To get there from Narssaq, the place I had gone to, (for no particular reason), required a day's journey on the MV Disko, I opted for a bunk in a shared cabin, deep below the bows, near the waterline, and directly above the bow thrusters. Cruise passengers are advised to avoid such a placement. On an ordinary journey it might just be a little tedious. Through an ice infested fjord in fog, breaking through pack ice and shouldering aside "bergy-bits" it is a recipe for no sleep at all. My eskimo cabin-mates were very cheery, offering me tasty bits of seal blubber, carved off with a crusty knife. Eventually I abandoned all hope of rest, and went topside to look down at the ice. Eventually I found a warm vent near the funnel and huddled there until I fell asleep. In the morning dark, I woke as we crashed into the dock.

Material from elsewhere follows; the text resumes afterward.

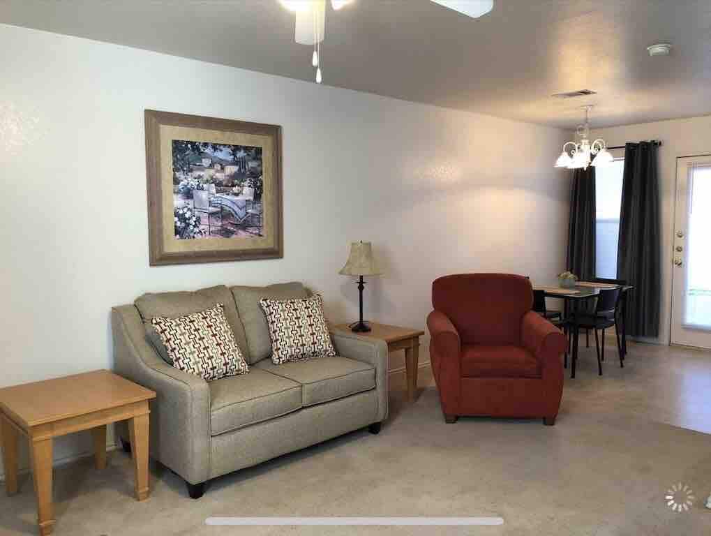 This fully furnished apartment comes with a full kitchen, washer/dryer, dishwasher, TV and back patio for watching the sunset. Minutes from Fort Hood, Stillhouse Lake, Target, good grocery stores and our local In-N-Out. Comfortably hosts 3 people. Wi-Fi included.
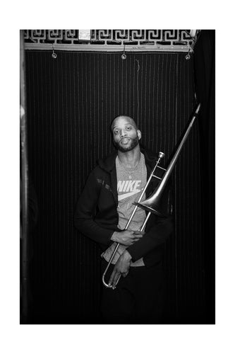 Trombone Shorty- Elevator portrait Love Rocks NYC rehearsals (Wed 3/6/24) Black & White Print

Rambling again, mr soubriquet.
Sir Edmund Hillary led another team, setting up supply caches for the main group, his team were equipped with little more than slightly modified ferguson farm tractors, yet Hillary reached the south pole first.
Hillary, of course, is the man who a couple of years before, along with Sherpa Norgay Tensing, became the first man to stand on the summit of Mount Everest.